▶ **About this task**: The listing below holds a line with "Así se fabrican" and a line with "子供のかわいい猫チェック柄ボ". Reproduce those two lines exactly, plus everything between them.

▶ **Dataset records**:
****************
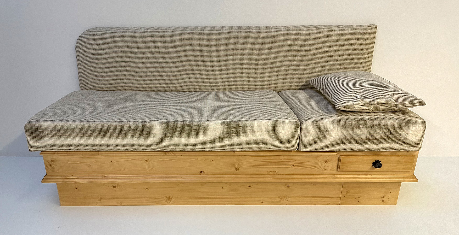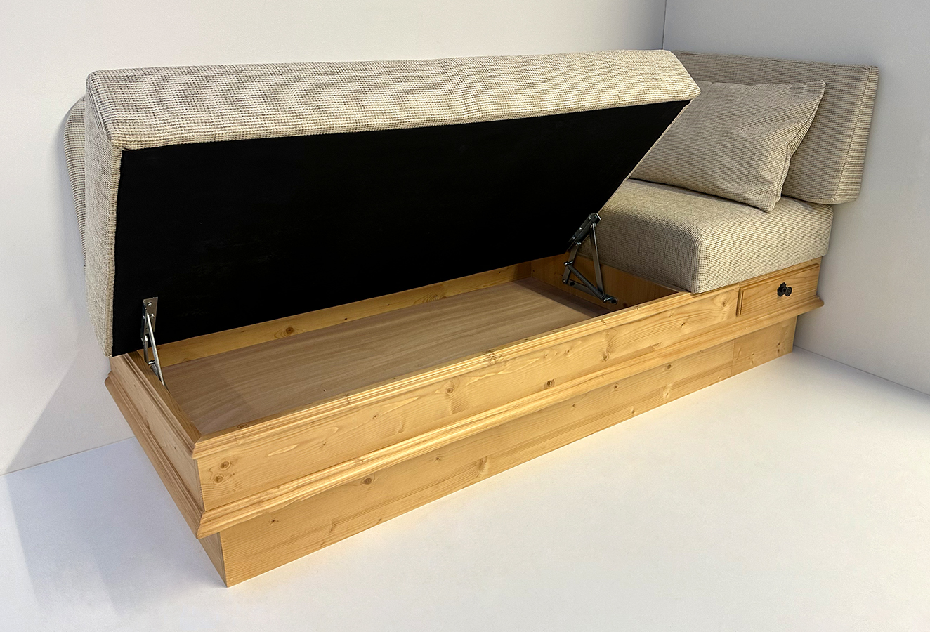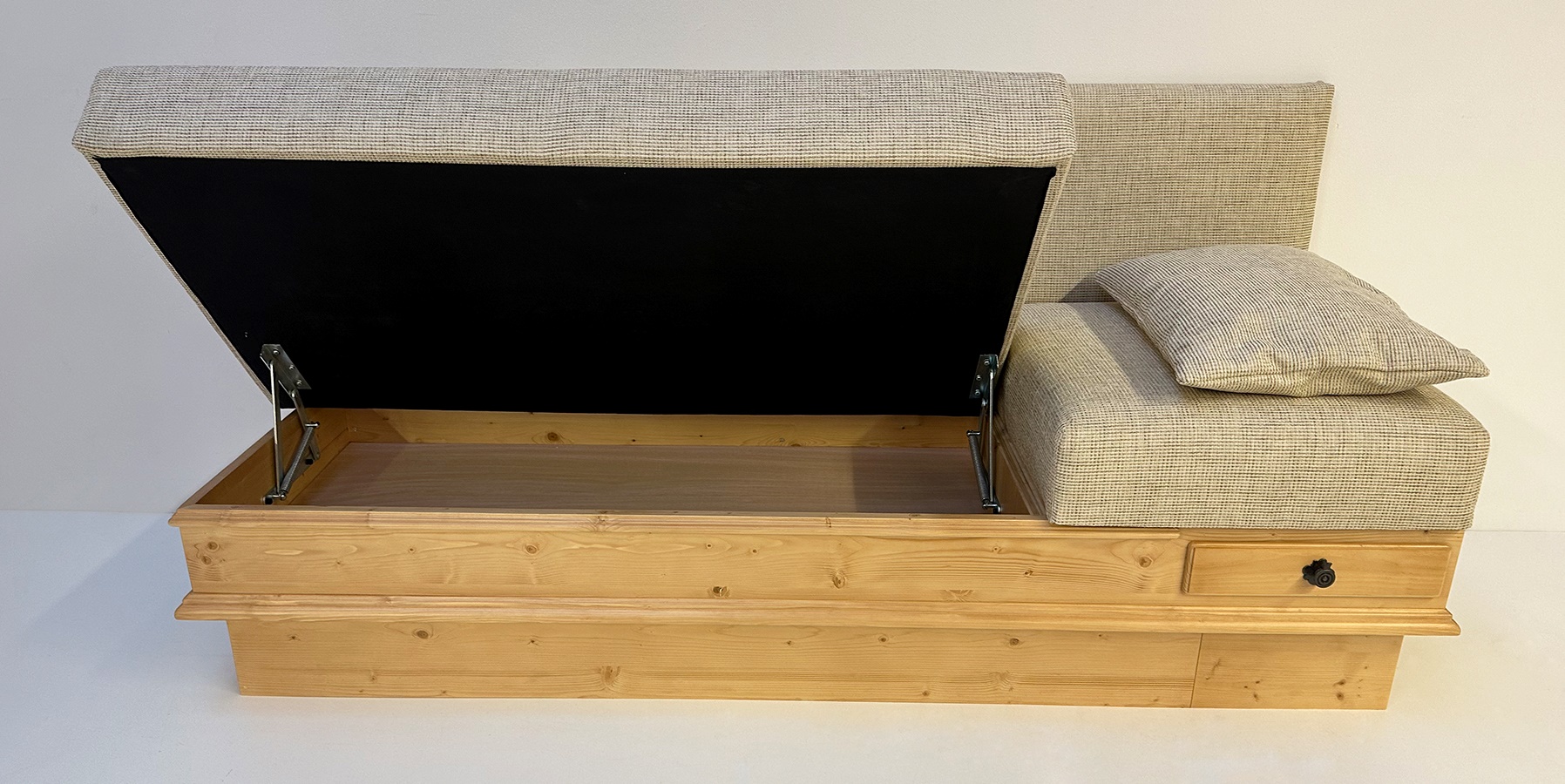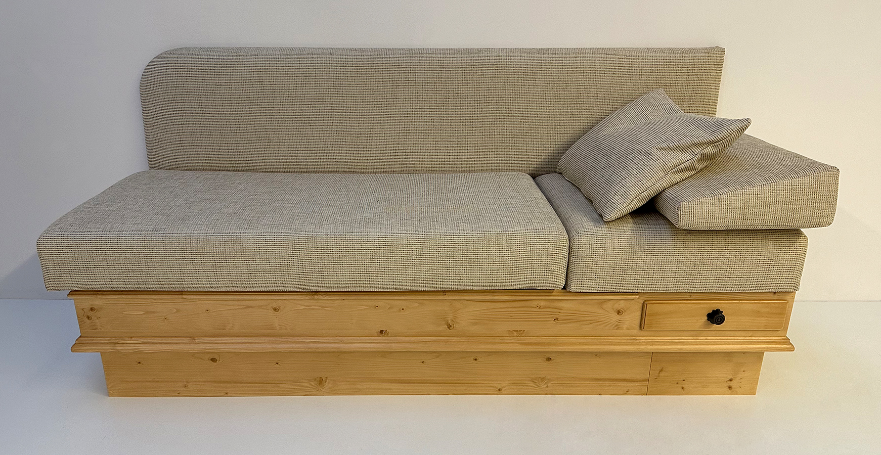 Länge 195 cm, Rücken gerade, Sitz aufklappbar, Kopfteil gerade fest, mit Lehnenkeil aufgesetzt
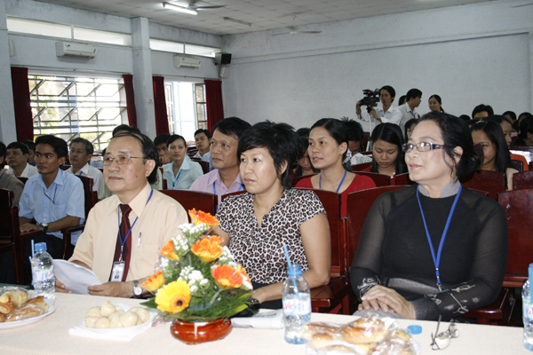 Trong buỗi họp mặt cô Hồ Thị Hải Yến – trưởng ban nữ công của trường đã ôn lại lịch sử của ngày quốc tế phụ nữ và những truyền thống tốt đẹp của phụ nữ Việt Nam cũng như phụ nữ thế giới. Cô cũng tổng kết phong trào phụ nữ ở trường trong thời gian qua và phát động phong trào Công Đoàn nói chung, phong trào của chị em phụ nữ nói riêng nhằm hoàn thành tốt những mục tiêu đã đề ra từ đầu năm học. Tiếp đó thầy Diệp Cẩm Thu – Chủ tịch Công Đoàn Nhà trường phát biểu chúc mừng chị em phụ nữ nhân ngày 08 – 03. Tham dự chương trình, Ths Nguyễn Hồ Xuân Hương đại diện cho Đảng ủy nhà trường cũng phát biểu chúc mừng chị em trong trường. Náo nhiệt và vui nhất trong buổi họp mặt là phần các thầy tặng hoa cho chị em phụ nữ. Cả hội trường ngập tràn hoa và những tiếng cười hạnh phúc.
****************
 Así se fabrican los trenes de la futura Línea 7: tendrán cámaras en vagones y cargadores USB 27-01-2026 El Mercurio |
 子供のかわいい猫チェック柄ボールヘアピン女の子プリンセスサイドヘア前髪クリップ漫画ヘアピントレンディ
****************
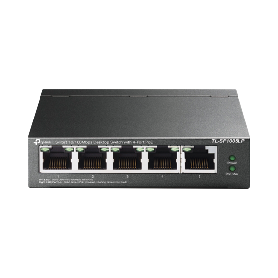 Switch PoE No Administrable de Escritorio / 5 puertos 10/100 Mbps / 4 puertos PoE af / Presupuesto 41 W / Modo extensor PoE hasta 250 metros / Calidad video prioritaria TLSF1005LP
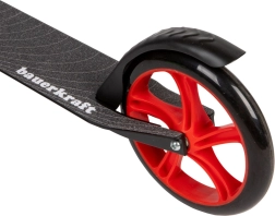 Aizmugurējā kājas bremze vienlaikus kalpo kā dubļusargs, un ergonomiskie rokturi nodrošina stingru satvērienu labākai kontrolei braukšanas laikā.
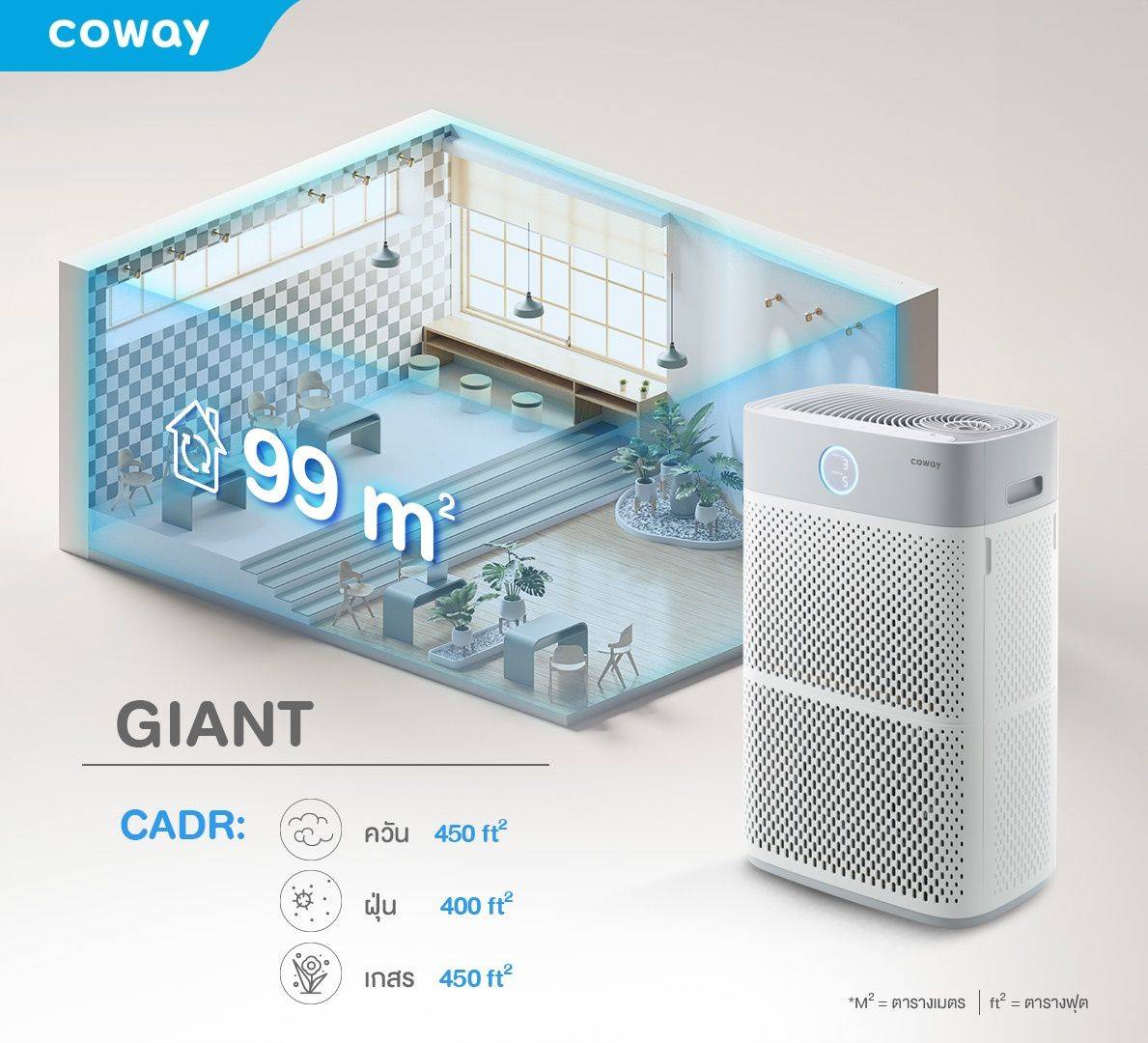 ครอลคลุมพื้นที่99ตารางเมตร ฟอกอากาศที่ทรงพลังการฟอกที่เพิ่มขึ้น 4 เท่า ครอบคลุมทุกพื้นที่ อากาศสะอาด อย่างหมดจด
****************
▶ **Expected answer**:
 Así se fabrican los trenes de la futura Línea 7: tendrán cámaras en vagones y cargadores USB 27-01-2026 El Mercurio |
 子供のかわいい猫チェック柄ボールヘアピン女の子プリンセスサイドヘア前髪クリップ漫画ヘアピントレンディ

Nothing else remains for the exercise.